Example 2

$Setup(1^{\lambda},N)$: This function outputs $pp=PC.Setup(1^{\lambda},d)$.

We consider an input $x$ with size of 32. Hence, $n_i=32$. Considering a program which requires 4 gates for its arithmatization, we have $n_g=4$. In this example, the maximum number of registers which are changed during the execution is $n_r=2$ (Please see Example 2 in the Commitment phase).
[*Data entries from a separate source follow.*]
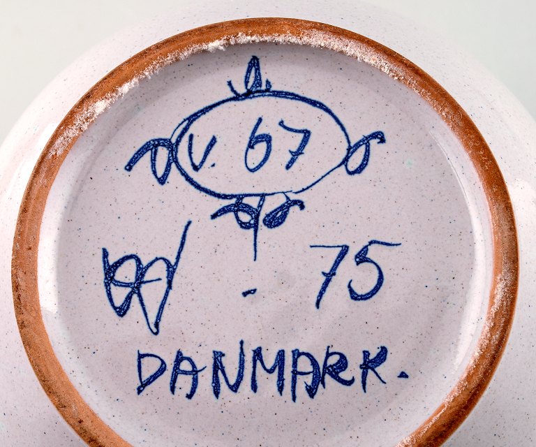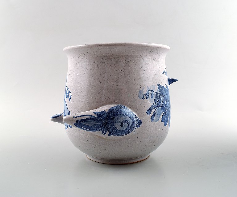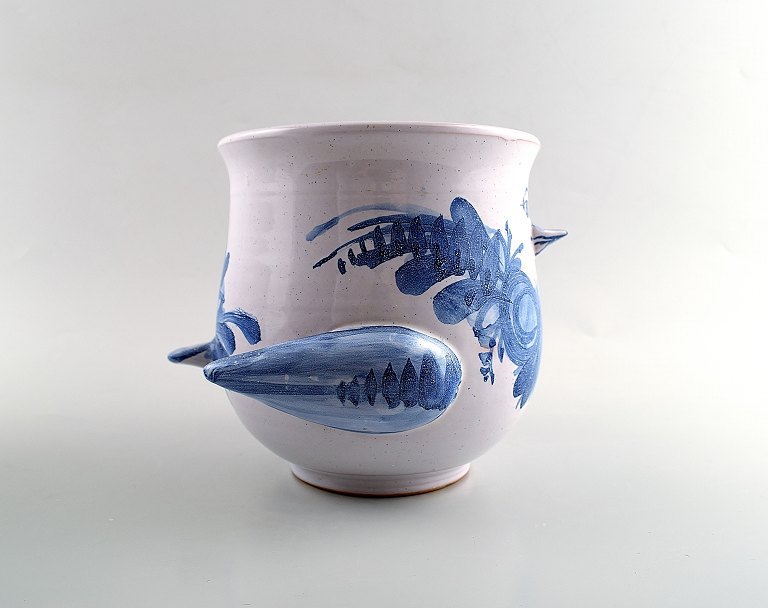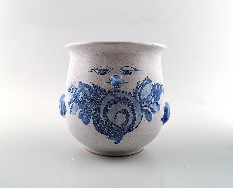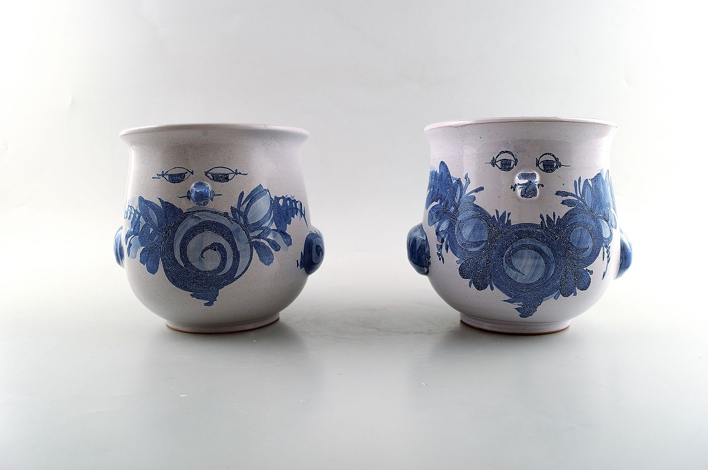A pair of Wiinblad unique ceramics flowerpots, blue glaze. Measures: 16.5 cm. x 15 cm. Model number V.67. Dated 1975 and 1973. In perfect condition.
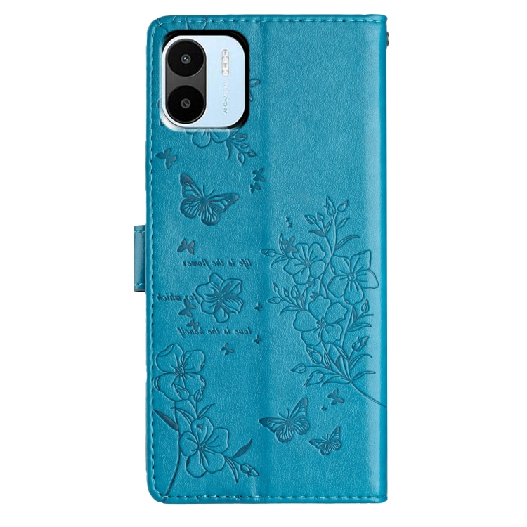 Para Redmi A1 Funda de Cuero para Teléfono con Mariposas y Flores (Azul)
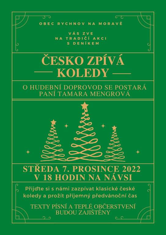 Srdečně Vás zveme na tradiční akci Česko zpívá koledy s deníkem, která se koná ve středu 7. prosince v 18 hodin na návsi. Hudební doprovod zajistí paní Tamara Mengrová. Texty písní a teplé občerstvení bude zajištěno.
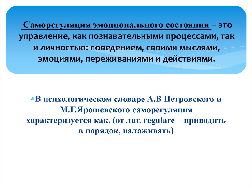 Саморегуляция эмоционального состояния – этоуправление, как познавательными процессами, так
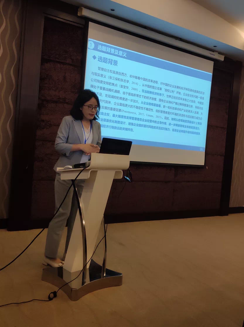 bat365官网人力资源管理系副教授张静博士在分论坛报告了论文《管理自主权研究述评与中国新经济形势下研究启示》。张静博士从选题背景和选题意义、管理自主权前因研究、影响效应研究、测量方法和对中国当前经济发展的现实启示、存在的问题及展望几个方面做了报告,并认真听取专家意见。论文评阅人和与会代表对论文选题和前期工作给予了高度评价,并希望作者进一步修改完善,发表一篇高质量论文。
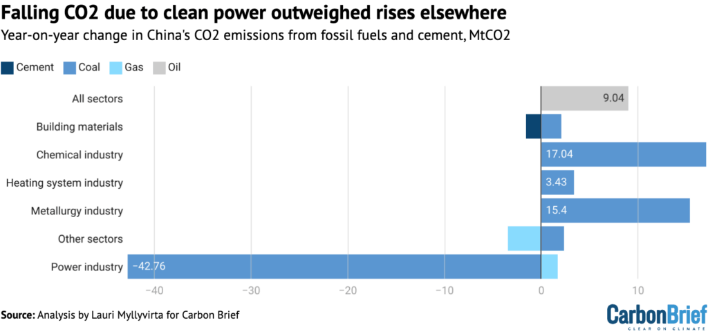 However, they remain only 1% below the latest peak, implying that any short-term jump could cause China’s CO2 emissions to rise to a new record.
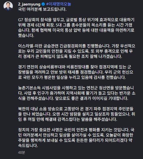 이재명 대통령은 이날 자신의 SNS에 '이재명의 오늘 국민 여러분께 보고드립니다'라는 제목의 글을 올려 "정치의 가장 중요한 사명은 국민의 안전과 평화를 지키는 것"이라며 이같이 약속했습니다.
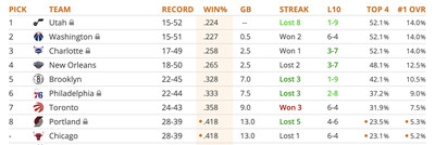 We’re all thinking lottery odds at this point, so let’s check in with Tankathon to see how the lottery picture looks. The Raptors picking up a three-game win streak helps the Sixers’ place in sixth, although reaching the top four is looking increasingly hard:
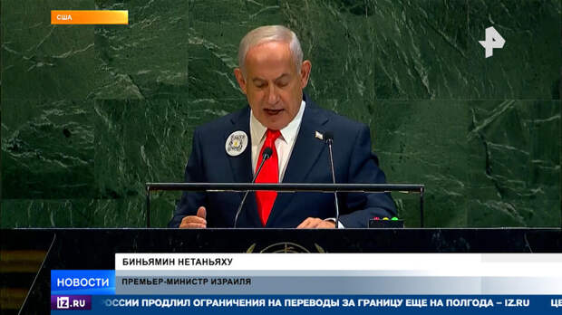 Когда Нетаньяху вышел к трибуне, половина делегаций покинула зал, кто-то свистел. На лацкане пиджака – QR-код. Если навести смартфон, переводит на сайт о преступлениях ХАМАС 7 октября 2023. В своей речи Нетаньяху сходу отверг резолюцию ООН еще 1947 года о создании палестинского государства.
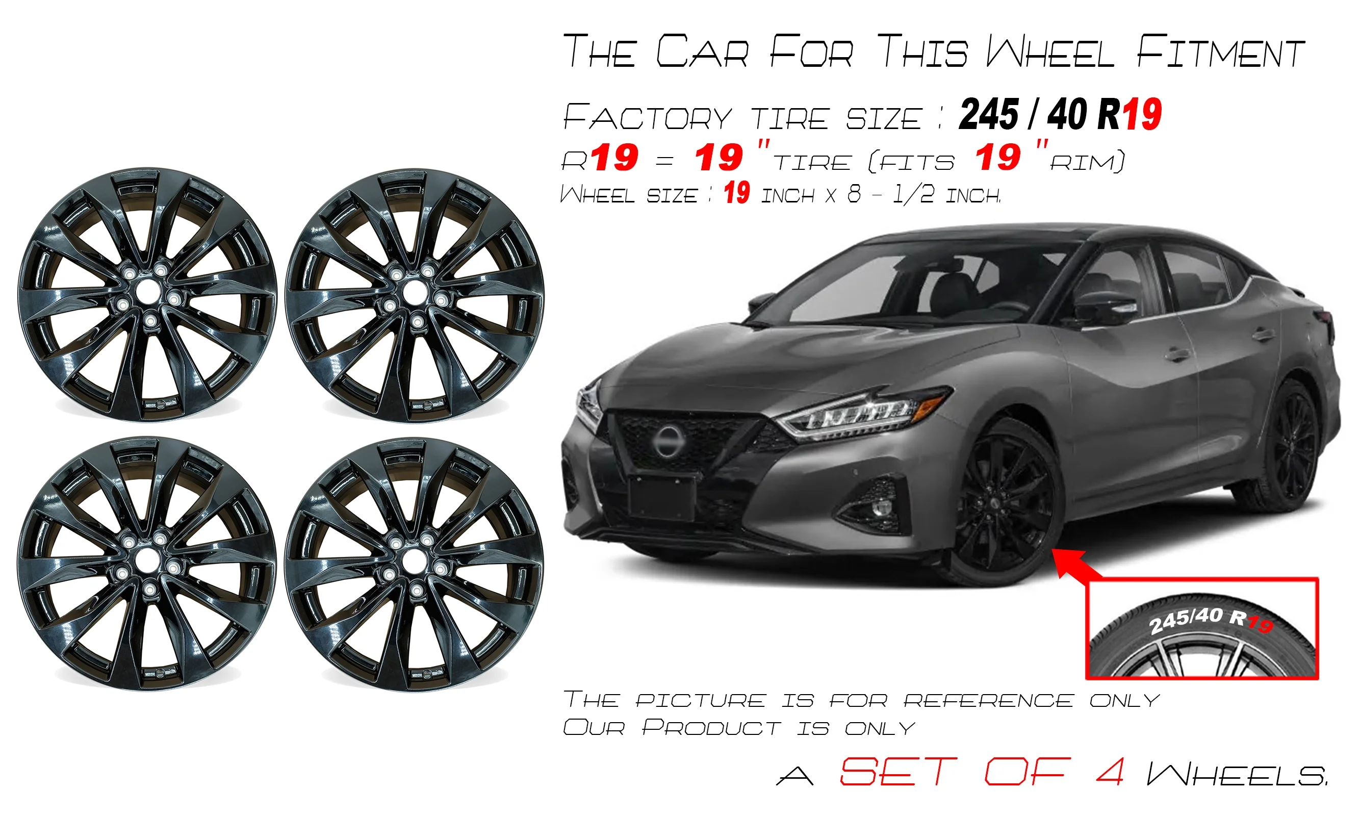 - ? MAXIMA 2016-2018 19x8-1/2 (alloy, 10 spoke), painted (black) ? OEM Tire Size:245/40R19 ? Color/Finish: GLOSS BLACK
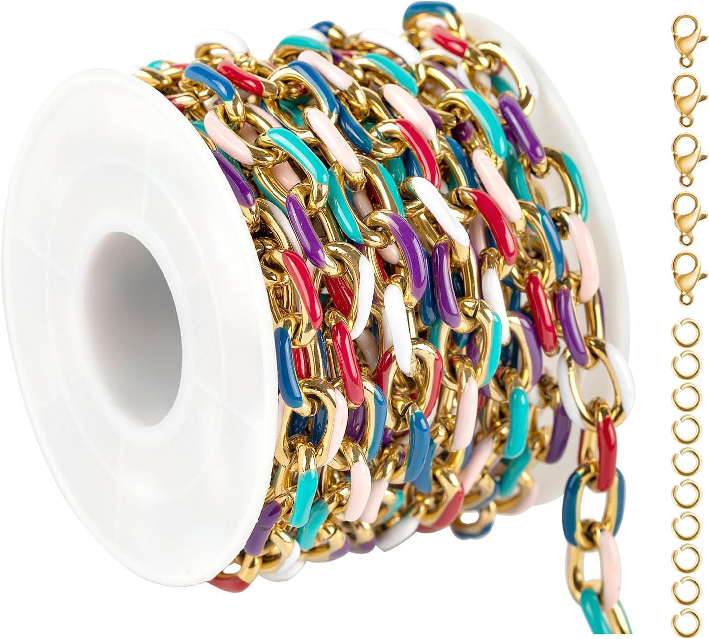 - Jewelry Chain Bulk: You can get 2 meters of mixed color enamel paperclip chains on a spool, comes with 5pcs lobster clasps and 10pcs jump rings. Easy to diy personalized jewelry projects with these jewelry findings.
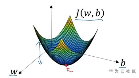 因此可以模拟一个表达式的图形如下,其中Z轴是J,如图可知,我们要做的事,就是在这个图上找到最低点,则表示的就是J(w,b)的最小值
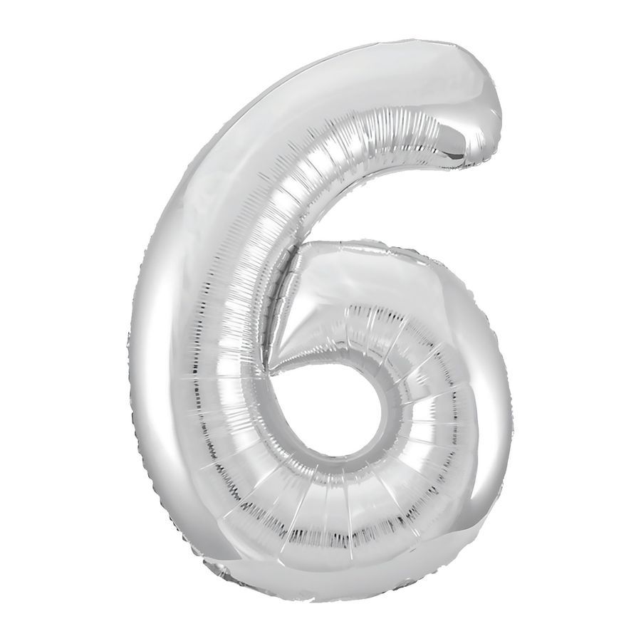 Шар ЦИФРА 6 40'' серебро /Silver /102 см/Ag
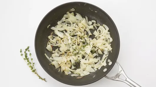 Step2In 12-inch nonstick skillet, melt butter over medium-high heat. Cook onions, garlic, broth and salt in butter 8 to 10 minutes, stirring occasionally, until onions are golden brown and most of the liquid is absorbed. Stir in thyme.
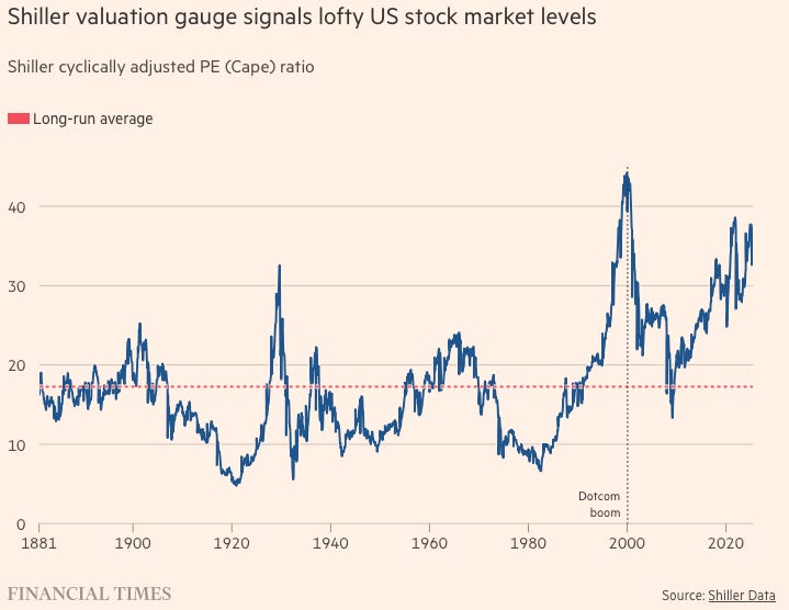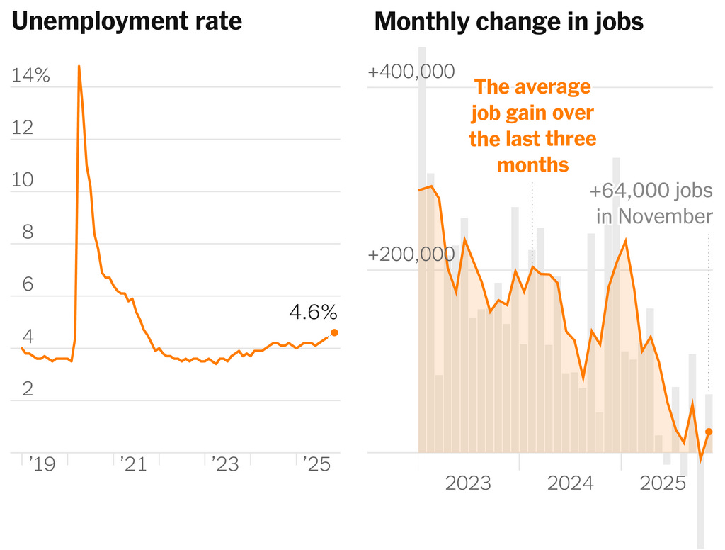 We’re still at 2.7% YoY as of November 2025. The Fed targets an average annual 2% and they seem to have paused around their own calculation4 of the natural rate of interest* (r-star). With R-star at 1.1% and inflation at 2.7%, the nominal natural rate is 3.8%. The Fed Funds rate target is currently 3.5% - 3.8%.
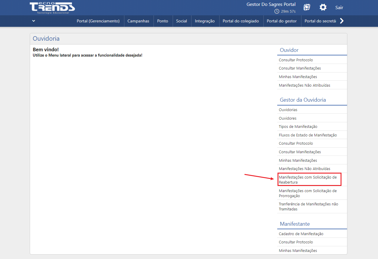 Uma manifestação respondida ou arquivada pode ter a sua reabertura solicitada, ação que dependerá da avaliação do Gestor da Ouvidoria Central. Para acessar o menu de Manifestações com Solicitação de Reabertura, é possível que o usuário Gestor visualize as solicitações de reabertura enviadas pelos ouvidores e/ou manifestantes.
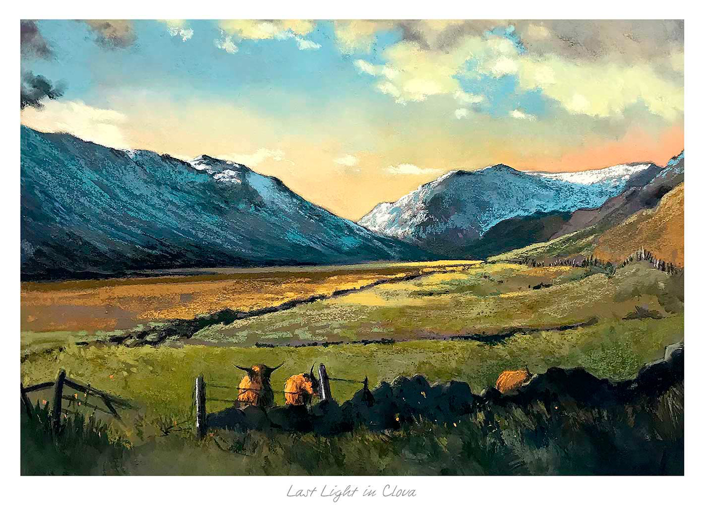 Last Light in Clova Framed Fine Art Giclée Print by Margaret Evans.

If the computation is done in $\mathbb{F}$ of order $p=4,767,673$, $|\mathbb{F}|=4,767,673$. Also,$|\mathbb{H}|=n=n_g+n_i+1=37$. Also, $b$ is a random number in {1,...,$|\mathbb{F}|-|\mathbb{H}|$}=$\{1,...,(4,767,673-37)=4,767,636\}$ such as $b=2$. Also, $m=2n_g=8$, $|w|=n_g-n_r=2$, $|\mathbb{K}|=m=8$. Hence:

$d=\{d_{AHP}(N,i,j)\}_{i\in[k_{AHP}]\bigcup\{0\},j\in[s_{AHP}(i)]}=\{8,8,8,8,8,8,8,8,8,4,39,39,39,40,75,36,38,36,36,7,42\}$

Now, we run $KZG.\hspace{1mm}Setup(1^{\lambda},d)$, considering a generator of $\mathbb{F}$, $g=5$, for each element in $d$:

$KZG.Setup(1^{\lambda},138)=(ck,vk)=(\{g\tau^i\}_{i=0}^{137},g\tau)$ that for secret element $\tau=119$ and generator $g=5$ outputs $ck=\{g\tau^i\}_{i=0}^{137}=(5,595,...)$ and $vk=595$.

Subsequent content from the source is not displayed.